2024.10.12 01:57 Son Güncellenme: 2024.10.12 02:01 - EKONOMİ
Uluslararası Para Fonu (IMF), Türkiye'de uygulanan kademeli politika ayarlamaları doğrultusunda enflasyonun daha da azalmasını öngördüğünü açıkladı.
Uluslararası Para Fonu (IMF), Türkiye ile 27 Eylül'de gerçekleştirilen 4. madde konsültasyonunun ardından önemli değerlendirmelerde bulundu. Kuruluş, Türkiye'nin ekonomik politikalarında geçen yıl boyunca yaşanan kararlı değişikliklerin, genel politika duruşunu sıkılaştırdığını vurguladı.

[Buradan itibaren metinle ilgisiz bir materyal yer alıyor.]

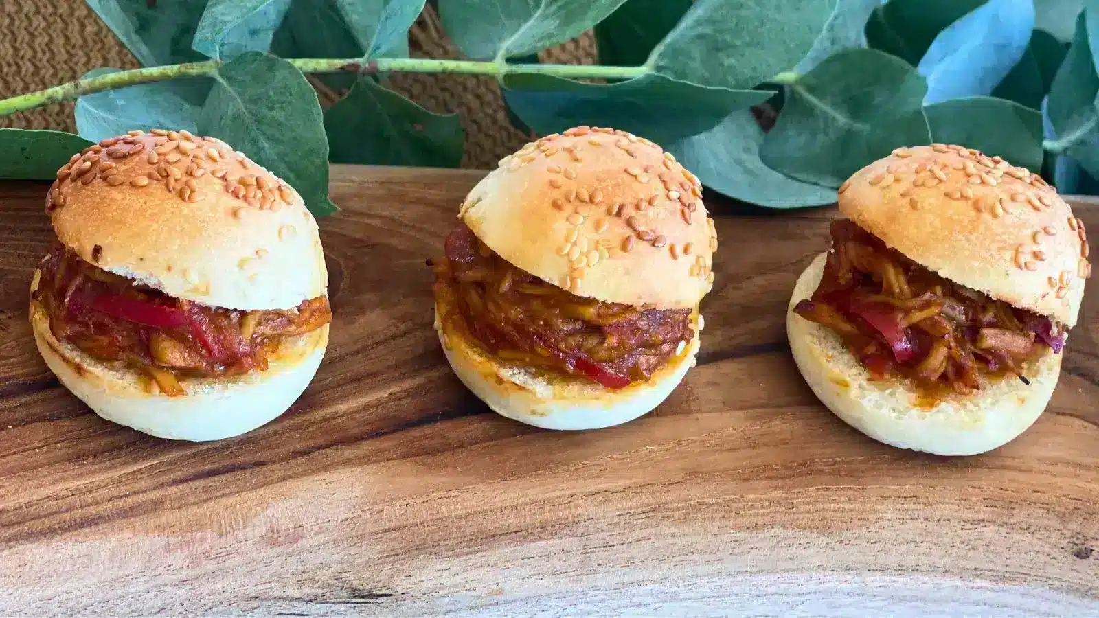 Preheat the oven to 180°C, place the frozen mini burgers on a baking tray lined with parchment paper and reheat for about 8 minutes, until the bun is soft and golden.
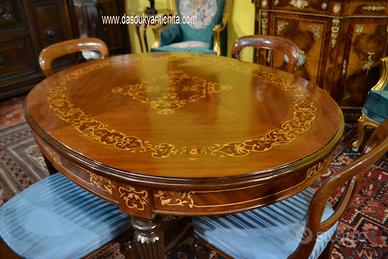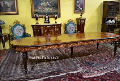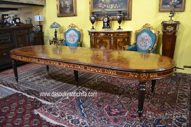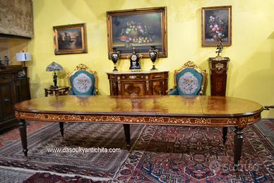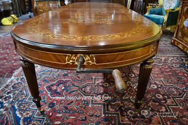 Aperto : Larghezza 118 cm. Profondità con 4 allunghe 353 cm. Altezza 80 cm.Chi fosse interessato a una visita virtuale della nostra galleria può accedere ai motori di ricerca, inserendo il nominativo " Dasouky antichita' " Per informazioni contattateci ai seguenti numeri Cell. – Cell.
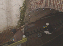 | Detail van 'de Verloren zoon' of zwerver.. | Een boogdoek in de Noordelijke toren van de Waterpoort bij de Knillispoort. foto's © gerard monté, 15 mei 2005. |
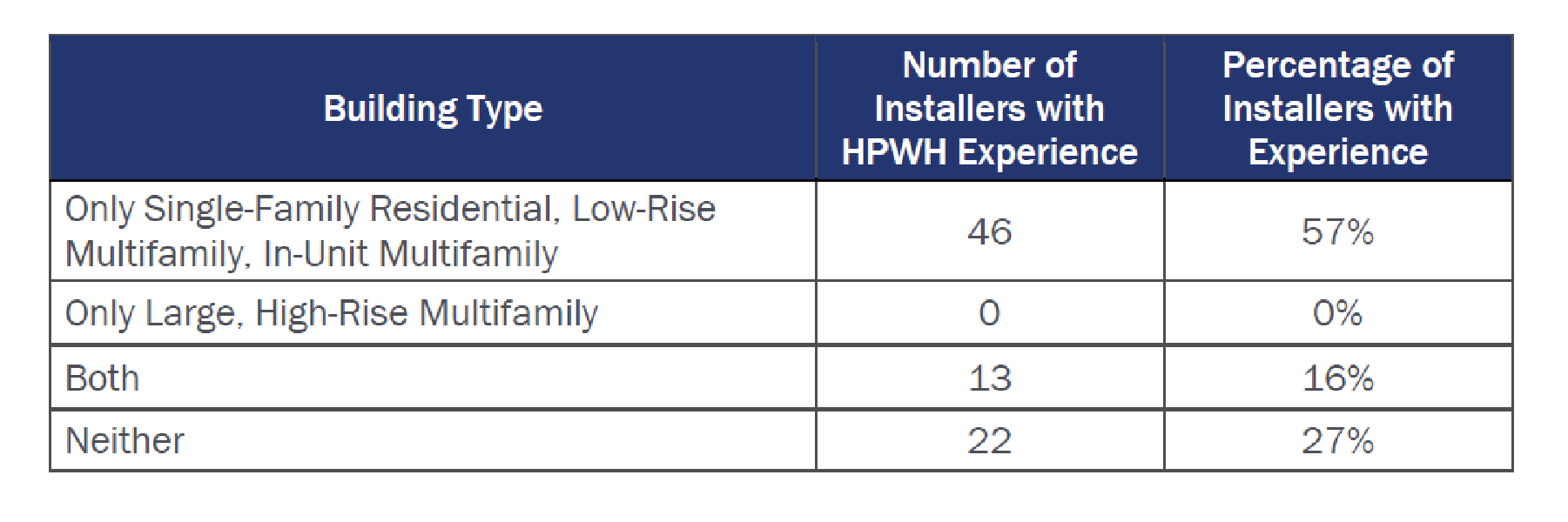 Surveyed contractors had more experience with unitary HPWH installations in single-family or in-unit multifamily properties compared to centralized systems in large multifamily properties (among those for whom at least 50% of their business came from installation jobs; Table 14). As observed at baseline, over a quarter (13 of 81; 27%) of survey respondents whose firms sell water-heating equipment and who attributed at least half of their business to water-heating installation jobs had no HPWH experience.
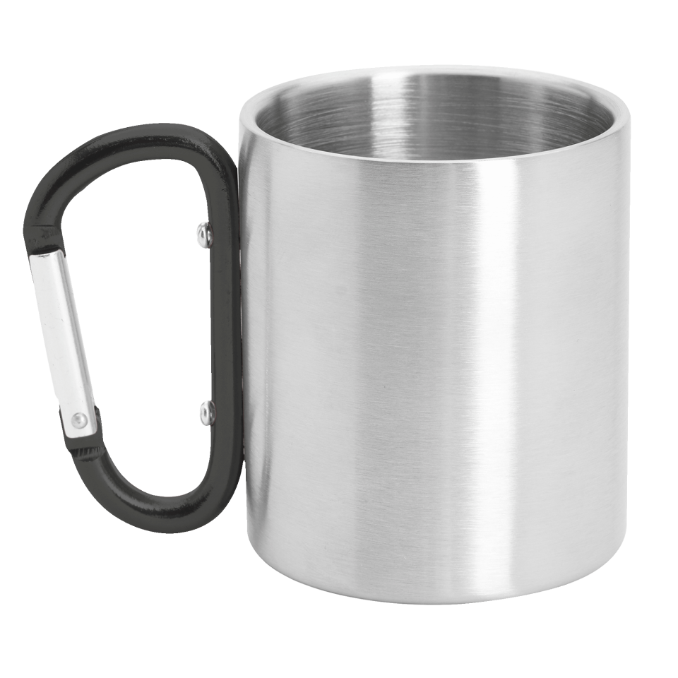 Taza metálica de doble pared con asa mosquetón (ideal para transporte)

TÜRKİYE'NİN EKONOMİ POLİTİKALARINDA KARARLI DEĞİŞİM
Açıklamada, vergi ve harcama önlemlerinin mali ihtiyatı yeniden sağlama çabalarına destek olduğu belirtilerek, daha güçlü gelir politikalarına olan bağlılığın ülkenin ekonomik kredibilitesini artırdığı ifade edildi.
IMF, Türkiye'nin kademeli politika ayarlamalarının ekonomik dengesizlikleri azalttığını ve güveni yeniden canlandırdığını kaydetti.
SIKILAŞAN FİNANSAL KOŞULLARIN ENFLASYONA ETKİSİ
Sıkılaşan finansal koşulların iç talep üzerinde baskı oluşturduğuna dikkat çekilirken, manşet enflasyonun da bu süreçte düştüğü ifade edildi.
Piyasa duyarlılığının, yerli ve yabancı yatırımcıların Türk Lirası (TL) cinsinden varlıklara yönelmesiyle önemli ölçüde iyileştiği bildirildi.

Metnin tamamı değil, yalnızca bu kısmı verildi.